The retrospective design of this study is susceptible to bias. Due to advancements in surgical instruments, the use of suction-enabled sheaths known to reduce infective complications, and the replacement of reusable instruments with disposable ones were significant sources of heterogeneity in this study. The study had limitations, such as not including variables with potential risk factors, such as diabetes or immunosuppression, and not examining other relevant variables in the patients.

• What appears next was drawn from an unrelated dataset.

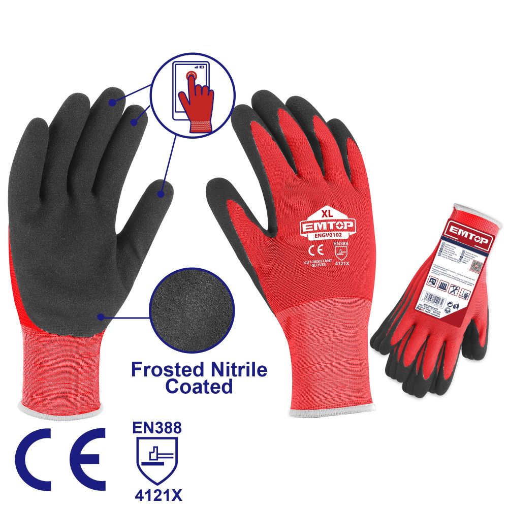 Ракавици обложени со нитрил, погодни за индустриска употреба. Материјал: Основна ткаенина / Нитрилен слој.

The inclusion of MSUC positive patients in the study and the fact that they underwent surgery under the influence of long-term antibiotic treatment may have affected the potential for SC positivity. In addition, infectious complications in the postoperative period can occur for reasons unrelated to infection, including cardiogenic events, atelectasis, hypovolemia, and pain. Despite its limitations, this study is the first to investigate the relationship between SC and HU parameters in stone surgery, paving the way for future prospective studies to establish clearer conclusions.

Conclusion

In predicting SC positivity, HU parameters identified to have significant cut-off values were RelativeHUdifference distal&proximal < 81.8, HUproximal < 807.0, and AbsoluteHUdifference core&periphery mean > 179.5. In addition, prolonged operation duration, high preoperative hydronephrosis grade, and the presence of preoperative stents or nephrostomy catheters were determined to be significant predictive factors. By incorporating these parameters into preoperative models, patients at risk for postoperative infectious complications can be predicted.